Рихард сильно сжал голову руками, затем сложил их перед собой и начал медленно говорить.

— Я расскажу вам, граф. История моя может быть обычна, ибо я уверен, что многие из дворян, как в нашей стране, так и в других, совершали поступки и более ужасные. Может быть, даже найдутся те, кто сочтет мое преступление совершенно безобидным и в какой-то мере, страшно сказать, правильным. С чего начать? Пожалуй, с того, что я был очень богат, от моих родителей осталось огромное состояние, накопленное годами жестоких поборов с принадлежавших нам земель. Когда крестьяне начали протестовать, мой отец продал им свои земли и на вырученные деньги основал весьма выгодное предприятие — банк. Знаю, что у вас в России дворяне стыдятся заниматься чем-то кроме военной, дипломатической и государственной службы, но у нас…
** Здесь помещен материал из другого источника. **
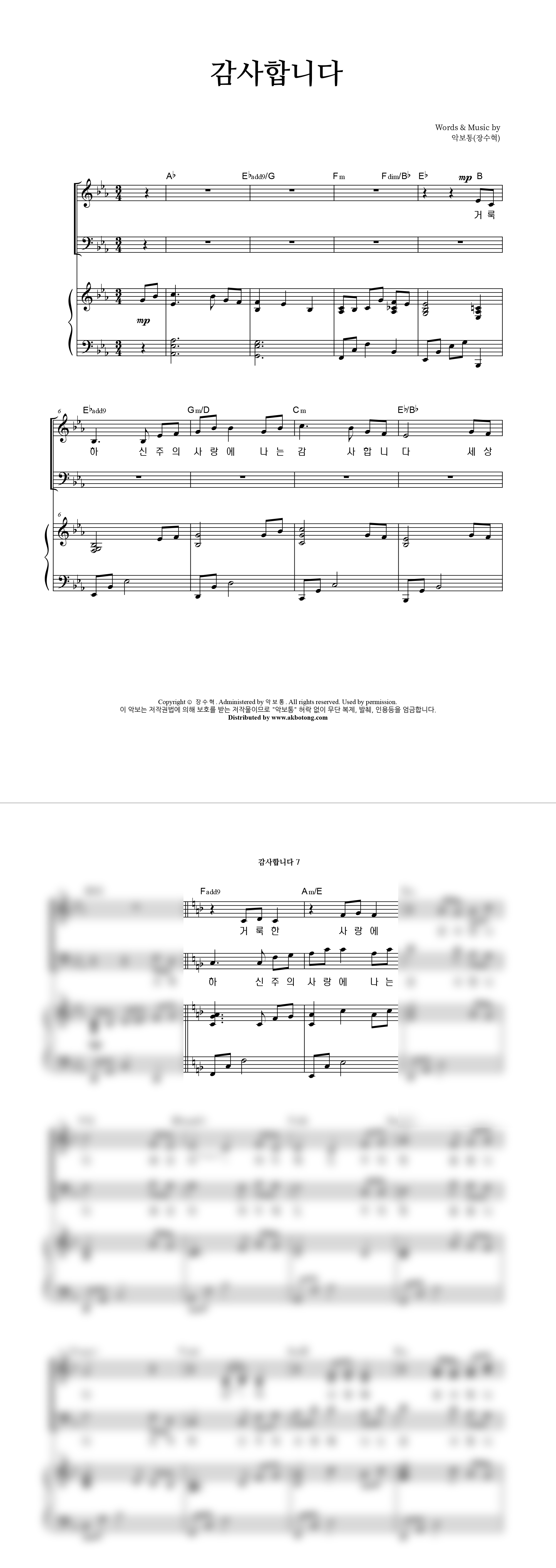 '[2025 추수감사절 신곡] 감사합니다' 의 다른 악보형식

— Да я знаю, ваши бароны и герцоги — первейшие ростовщики-процентщики! — на губах Салтыкова играла неясная усмешка. Сам он придерживался весьма крамольных для России взглядов. Александр считал, что лучше быть ростовщиком или фабрикантом, как многие из европейских дворян, чем казнокрадом, как это заведено у русских вельмож.

Да, в ваших словах есть правда, — Рихард, как ни странно, подумал то же, что и его собеседник: «лучше быть ростовщиком-процентщиком, чем казнокрадом!». — В общем, в результате я унаследовал от отца моего богатства, которые было очень легко тратить. Золото, серебро и драгоценности. Мать моя скончалась через неделю после смерти мужа. Оставшись один, я, не задумываясь, начал проматывать полученное наследство, ибо был молод и не загадывал каким будет завтрашний день. Постепенно я погрузился в порок и расточительство. Жил в Париже, Вене, бывал в Риме. Моими постоянными спутниками были актеры, легкомысленные и развратные кокетки, утонченно порочные дворяне. Мне льстило, что нас называли «либертинами». Теперь, из-за процесса маркиза де Сада, я этого стыжусь. Конечно, наши забавы было трудно назвать хоть сколько-нибудь приличными, но все же, они ни в какое сравнение не идут с тем, что творил маркиз.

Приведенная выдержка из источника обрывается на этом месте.